January 3, 2011

not quite Ann McIver's apple chips

I've made about 4 batches of this over the past few weeks-- easy to do even if you have a 7 month old baby and guests and a bunch of other stuff you should be doing. It's based on an old recipe for apple "chips" that my Grandmother's friend would make every year and there always seemed to be a jar of it in the refrigerator. I can't say I ever really liked it much as a kid, it was a bit sweet and heavy on the spice (cinnamon and cloves), but since I've got 330 pounds of fuji apples lounging on my back porch, waiting to go mushy and moldy, I thought I'd give it a try anyway.

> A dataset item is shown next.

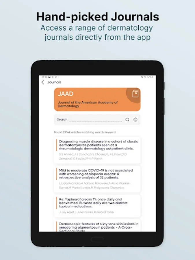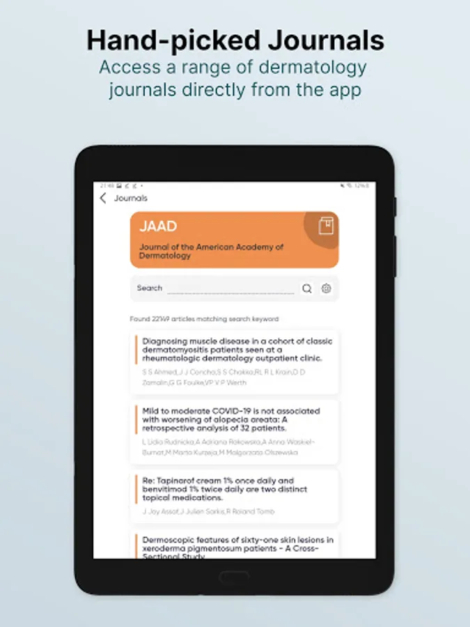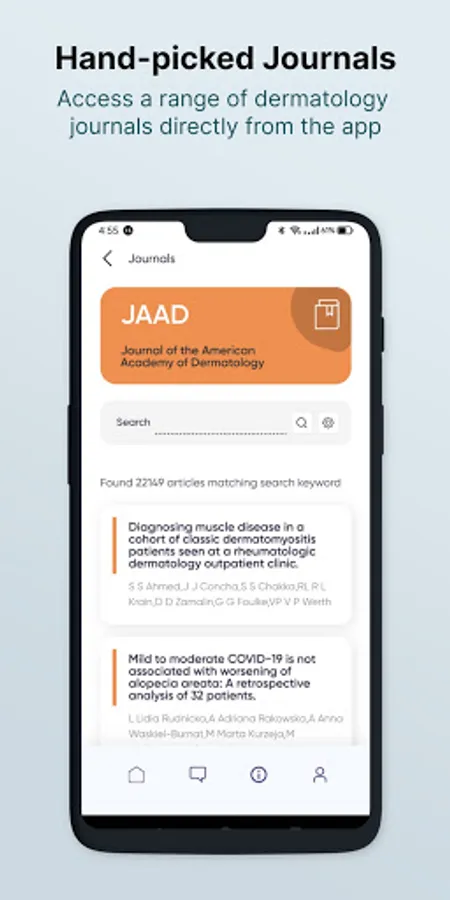 Journals - This section displays scientific articles from journals that doctors can browse. Consider it to be a virtual library of dermatology-related articles

I cut down on the sugar (the original calls for equal weight sugar and apples) and cut out the spices, wanting the pure apple flavor to shine through. Get out a big pasta pot (not huge but not medium sized-- the one you would choose when you're making pasta for 4 people or so). Put in a kilo or so (2.2 pounds) of sugar-- don't worry about being too exact-- I've done it with twice as much sugar and it works fine. Then start peeling and cutting up your apples into thin-sliced "chips". Keep slicing until the pot is full. The sugar will melt and the apples may turn a bit golden-brown. This is fine. Leave it overnight and the next day cook it over low heat until it reaches a honey-like consistency, maybe 3 or 4 hours. Add lemon juice (I use citric acid since I happen to have it and don't have lemons) to taste. Then ladle while still hot into jars and boil in a water bath for 15 minutes or so to seal.

For some reason the apples retain their shape and a bit of their texture, so they're not mushy like canned apples. Goes great spooned onto toast or stirred into yogurt along with a little bit of the "honey".